# 2.5L Passat hesitates at idle



## VincyNick (Jun 9, 2003)

My Passat is idling rough and hesitates at idle. I replaced the n80 valve and Map Sensor a few weeks ago and it ran fine for about 3 weeks, then suddenly this weekend it is back at again. This time I am hearing a click noise during idle and the whole engine is shaking. I removed the throttle body and clean it, it wasn’t very dirty. I notice there was a lot of oil in the housing. I cleaned it out and also cleaned the map sensor. After putting everything back together today, the car is still acting the same. Any ideas what else I should do. P0106 is the error thrown.










Video  https://youtu.be/kv27amYcgtU 



Sent from my iPhone using Tapatalk


----------



## kieran123 (Feb 2, 2017)

Another one  Good luck!

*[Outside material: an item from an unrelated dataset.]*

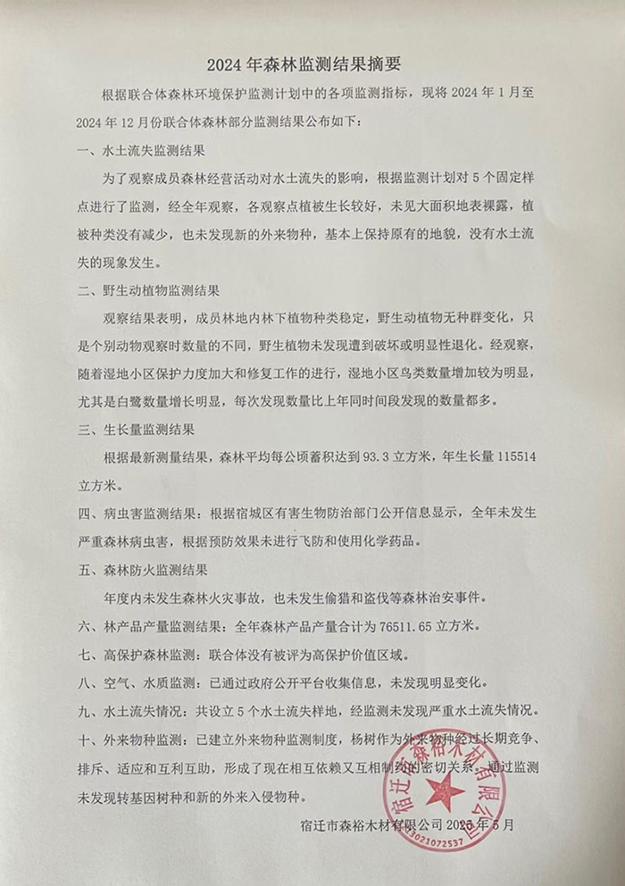 根據聯合體森林環境保護監測計劃中的各項監測指標,現將2024年1月至2024年12月份聯合體森林部分監測結果公布如下:

I can't say anything that hasn't been said in the threads below:

http://forums.vwvortex.com/showthread.php?8894793-P0106-P0507-more-PCV-MAP-issues

http://forums.vwvortex.com/showthread.php?8782802-14-2-5L-repeated-P0106


As for the ticking, that's normal (it's the valves).


----------



## le0n (Jun 12, 2013)

ticking from the fuel injectors is the one thing that usually sticks out.

it's normal.

as for the shaking, i'm wondering if your n80 is faulty (creating a vacuum leak). why did you replace the last one?

also, what year and how many miles on engine?


----------



## VincyNick (Jun 9, 2003)

le0n said:


> ticking from the fuel injectors is the one thing that usually sticks out.
> 
> it's normal.
> 
> ...


I was having the same issue last November 2017. After replacing the MAP, N80 it work fine for a while.

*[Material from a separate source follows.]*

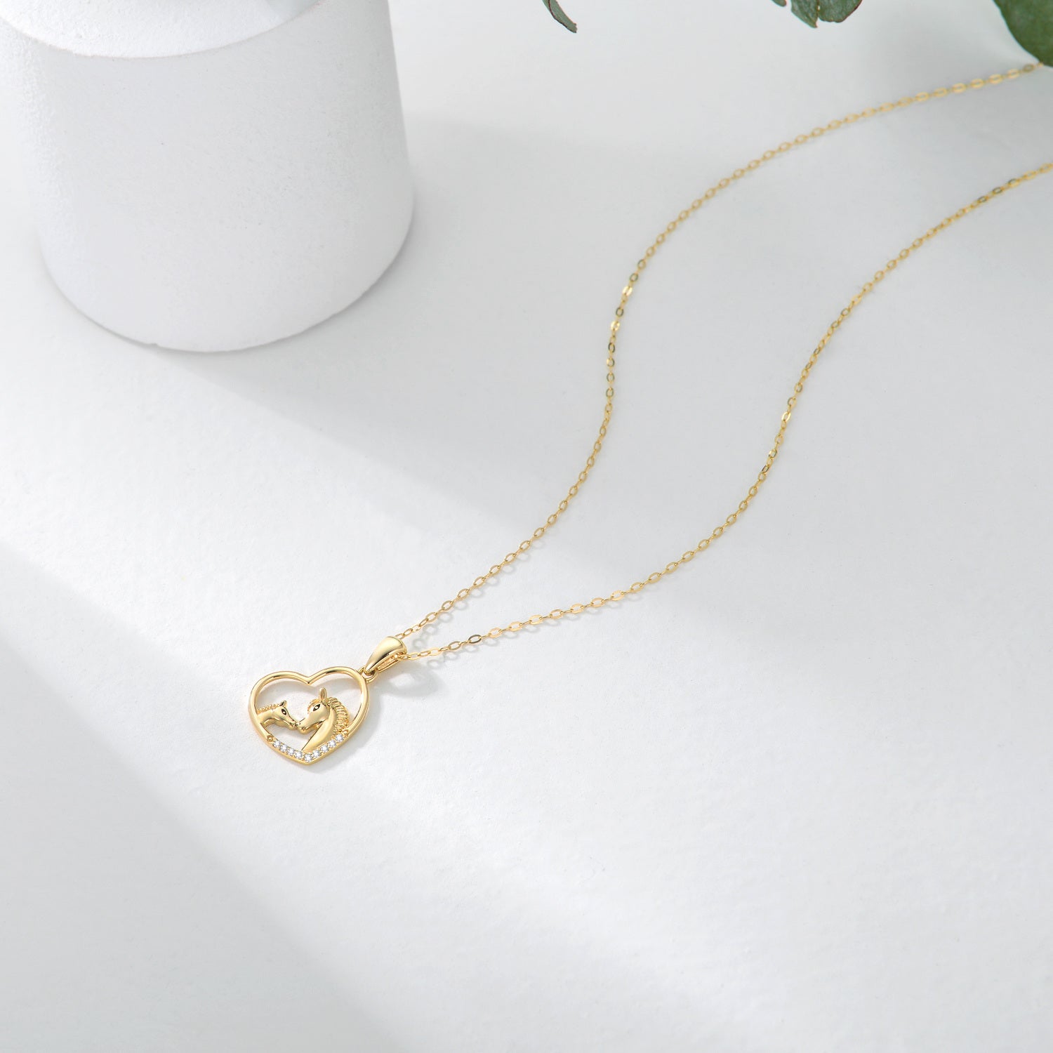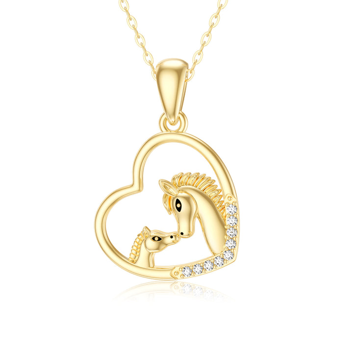 14K Gold Cubic Zirconia Horse & Heart Pendant Necklace

Sent from my iPad using Tapatalk


----------



## J.R.Freeman (Apr 19, 2008)

Hi Vincy Nick,

With what looks to be a fair amount of oil and a rough idle, it could be that your PCV diaphragm has failed. That being said, I have had trouble in determining what is a 'normal' amount of oil film to be found in the plenum. Some people say there should be none at all, but my current belief is that there will always be at least some oil film under normal operation. It does appear you have excess oil, though. A failed PCV valve could also cause rough idle as it would appear as a vacuum leak.

I have been chasing similar issues (as have others) so this seems to be a thing with the 2.5 L MAP engines. Here are some points / things I have learned along the way in the hopes it might help you out:


Check that the oil dipstick, and oil fill cap are sealing well - inspect the rubber seals. A leak here can make the car idle rough
P0106 can cause rough idle, idle wandering, hesitation, poor throttle response, high idle (P0507) - it can seem like a vacuum leak
If you replace the PCV valve, consider replacing the whole valve cover - I tried to replace just the diaphragm twice, and then eventually did the whole cover
Connector faults between the MAP and ECU seem to be an issue with some cars, and this is what I am currently investigating. Make sure your connectors are clean and making good connection.


----------



## VincyNick (Jun 9, 2003)

Thanks Guys, really appreciate the information here. I have order the valve cover and new map sensor today. Will install this weekend and let you know if it worked.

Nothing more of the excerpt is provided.